Your Guide to Whole Grains



Disclosure: This post is sponsored by The Quaker Oats Company, but all opinions are our own. Thank you for supporting our work here at Food Heaven!

 

Let’s talk about whole grains.

Believe it or not, most of our clients are confused about what a whole grain is. They’ve heard about whole grains, and know they’re good for us. But they aren’t sure why.

People are also unclear about which grains are considered “whole”. For example, is “whole wheat” a whole grain? (Yep.) Does oatmeal count? (You betcha.) Popcorn? (Yes!) Grits? (No.)

Today, we are providing a guide to whole grains that answers all questions we get from our clients on a regular basis. We want you to feel less confused, and more empowered to make food decisions that work for you.

What exactly is a whole grain?

To put it simply, a whole grain is “whole”. Meaning, it contains all of the naturally occurring parts and nutrients of the entire grain or seed.

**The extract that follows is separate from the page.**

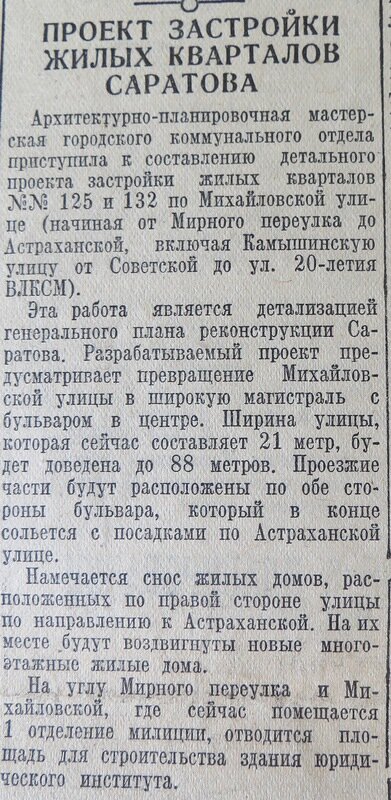 «Михайловская улица – одна из основных магистралей города, связывающая железнодорожный вокзал с центром. Через два-три года ее будет не узнать: она расширится, на ней вырастут многоэтажные жилые дома и административные здания с магазинами, ателье и парикмахерскими. Улицу украсит сквер».

For example, whole grains contain 100% of the original grain– which includes the bran, germ, and endosperm.

Components of a whole grain:

  1. Bran: Contains fiber, B-vitamins & antioxidants
  2. Germ: Contains B-vitamins, minerals, some protein, & fats
  3. Endosperm: Contains starch, protein, small amounts of vitamins, & minerals

Examples of whole grains:

If you’re still wondering what types of foods are whole grains, here are a few examples to look out for on your next shopping trip:

  • Old Fashioned Oats (yep, many people are surprised to learn that oats are in-fact a whole grain)
  • Rye
  • Whole Wheat, including bulgar
  • Corn, including popcorn and corn tortillas made with whole cornmeal
  • Barley
  • Quinoa
  • Teff
  • Whole Grain Rice, including brown, forbidden, black & wild rice

How do I shop for 100% whole grains?

  • Look for the term “whole grain” on the label AND on the ingredient list.
  • The terms “whole grain” or “whole” will usually be followed by the type of grain. Examples include whole wheat flour, which is different from wheat flour.
  • Don’t be fooled! Look out for “multigrain” and “organic” labels on packages. These products are not necessarily made from whole grains, and may in fact be made with little or no whole grains.
  • Don’t fall for the color trap. You can’t tell whether or not a food is a whole grain based on its color alone. For example, bread can be darker in color when molasses is added to the ingredients. Always read the label!

Whole Grains

What are the health benefits of whole grains?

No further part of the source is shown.